The idea of this notebook is to show how to configure the RAG system to make an inference pipeline.
The pipeline is composed first by:
- defining all the configuration needed
- defining the LLM and the embeddings models
- loading the ingested vector database and defining the retrieval from it
- defining the prompt template and the conversational memory buffer,
- finally defining the chain(retrieval QA chain).

<b>The whole pipeline (RAG system - Retriever, Generator pipeline is circled with blue-2)</b>

![image.png](attachment:image.png)

In [1]:
# Install the langchain and langchain-community packages
!pip install langchain langchain-community boto3



For our use case, we are going to work **Langchain**.

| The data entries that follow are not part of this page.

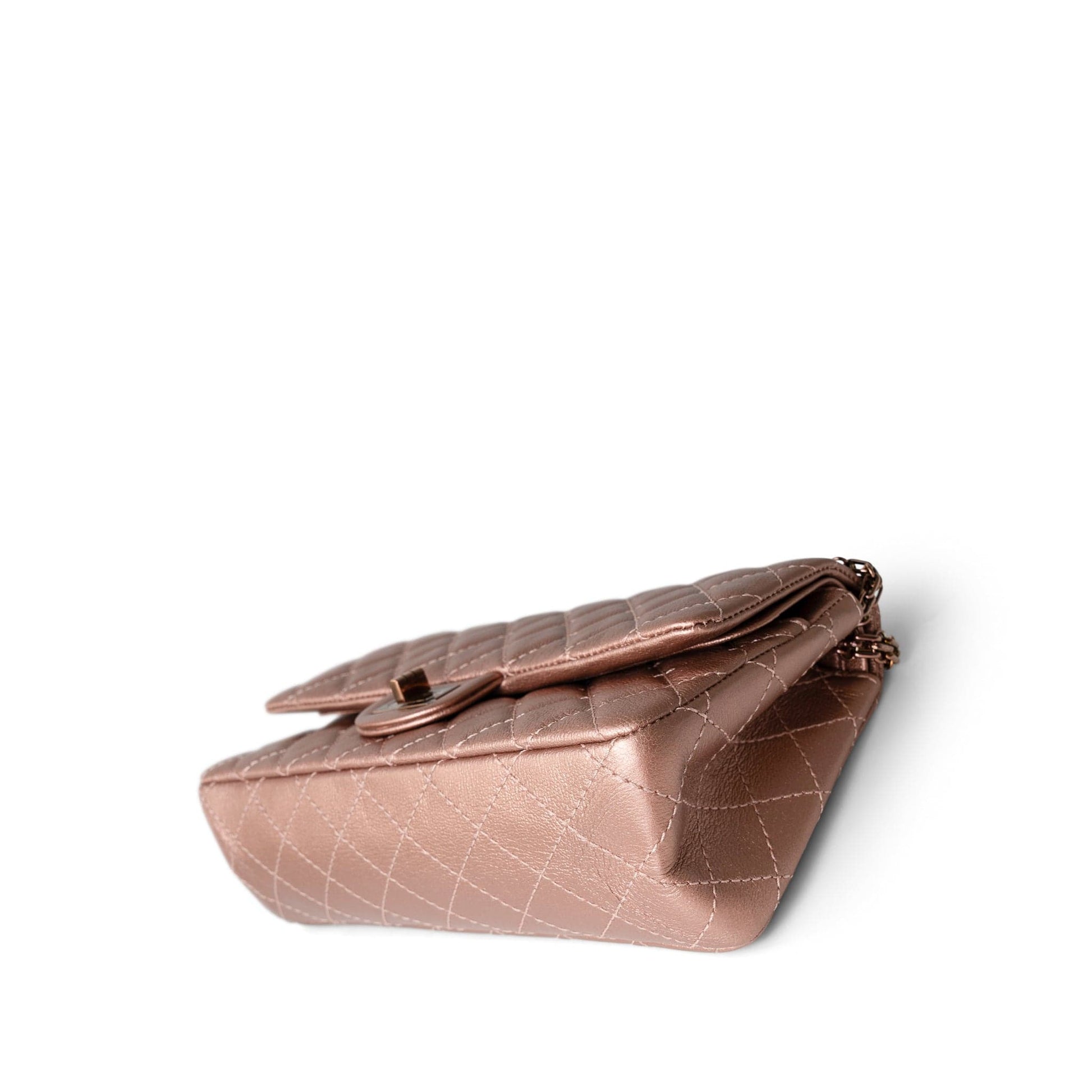2.55 Rose Gold Grained Calfskin Quilted Medium Double Flap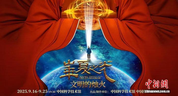 中国科技馆9月14日发布消息说,值此首个全国科普月期间,该馆将于9月16日至25日(每晚19:30-20:45)连演10场沉浸式舞台剧《华夏之光-文明的烛火》,公众可于9月15日中午12:00起,通过其官方网络平台预约观看。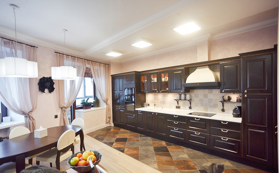 Maxim’s cabinet is of classical style. The pictures were painted by Mariya’s grandfather, a geologist, travelling about the whole Soviet Union. Some works did not survive due to a poor quality of paints and complex camp conditions of life, the rest of them had been in Vorkuta for a long time until the uncle brought them from there. A sofa is Home Cоncept, a table with alcoholic drinks is Villeroy & Boch, a rack is made to order.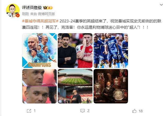 詹俊:2023-24赛季的英超结束了,祝贺曼城实现史无前例的的联赛四连冠!!再见了,克洛普!你永远是利物浦球迷心目中的“超人”!!!
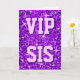 Greetings card with a modern printed design with stars scattered over a stylised "sequin look" pattern background and 'VIP SIS' written in shades of purple and lilac. A customisable design for you to personalise with your own text, images and ideas. Please note this is a printed digital art image. The product does not shine or contain real glitter or sequins.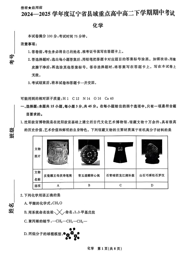辽宁省县域重点高中2024-2025学年下学期高二期中考试化学+答案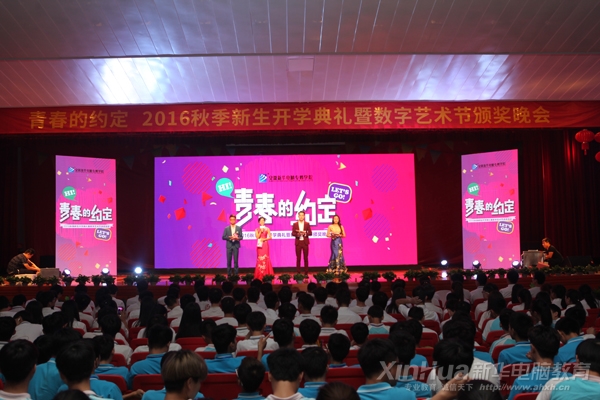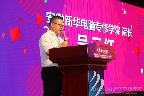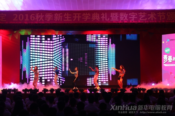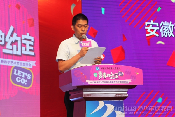 晚会在热情昂扬的开场视频和精彩吸睛的开场舞中拉开序幕,之后,安徽新华电脑专修学院院长吴元红上台致辞,他表示:安徽新华电脑专修学院是安徽省办学水平最高的互联网学院,国家信息化教育全国示范基地,中国 IT 教育十大影响力品牌院校。学院主要从事计算机应用、网络技术及软件开发的系统教育,共开设有云开发软件工程师、影视动漫游戏设计师、演艺主播主持等20多个长短期专业,面向未来安徽新华电脑专修学院将继续秉持着“兴教报国”的办学宗旨不断升级,为做“中国最好的职业教育”而不懈努力。最后,吴院长宣布“青春的约定”安徽新华电脑专修学院2016秋季新生开学典礼暨数字艺术节颁奖晚会正式开始!

**Langchain** is a very powerful LLM/Agent orchestration tool that allows us to easily create and manage LLMs and Agents. **Langchain** provides all the necessary tools to create a whole RAG system, from the data ingestion pipeline to the inference pipeline.

In [5]:
# Importing all the neccessary modules/libraries
from langchain.chains import RetrievalQA
from langchain.memory import ConversationBufferWindowMemory
from langchain.prompts import PromptTemplate
#from langchain_community.chat_models import BedrockChat
from langchain_aws import ChatBedrock
from langchain_aws import BedrockEmbeddings
#from langchain_community.embeddings import BedrockEmbeddings
from langchain_community.vectorstores import FAISS

In this step, we need to define the configuration of the first step of the pipeline. In the configuration we are going to define the:
- Region name and the credentials profile name of our AWS account
- The embedding model that we are going to use to embed the data and the configuration of the embedding model(dimension of the vector embeddings and the normalization of the embeddings)
- The LLM model that we are going to use to generate the output and the configuration of the LLM model(maximum tokens, top k, top p, temperature)
- The retriever configuration, basically the metric and the number of documents that we are going to retrieve(other additional arguments if the metrics of the retriever is changed)
- The path of the vector database that we are going to use for the retrieval
- The input key, memory key and input variables that are going to be used in the prompt.
- The prompt template used for the inference(chain) pipeline

In [6]:
# Defining the configuration
REGION_NAME = "us-east-1"
#CREDENTIALS_PROFILE_NAME = "ML"

EMBEDDER_MODEL_ID = "amazon.titan-embed-text-v2:0"
EMBEDDER_MODEL_KWARGS = {
    "dimensions": 512,
    "normalize": True
}

LLM_MODEL_ID = "anthropic.claude-3-sonnet-20240229-v1:0" # anthropic.claude-3-haiku-20240307-v1:0 or anthropic.claude-3-sonnet-20240229-v1:0 or anthropic.claude-v2:1
LLM_MODEL_KWARGS = {
    "max_tokens": 4096,
    "temperature": 0.1,
    "top_p": 1,
    "top_k": 250,
    "stop_sequences": ["\n\nHuman"]
}

SEARCH_TYPE = "similarity"
RETRIEVER_KWARGS = {
    "k": 5
}

VECTOR_STORE_PATH = "./vector_database/"

INPUT_KEY = "question"
MEMORY_KEY = "history"
INPUT_VARIABLES = ["context", "history", "question"]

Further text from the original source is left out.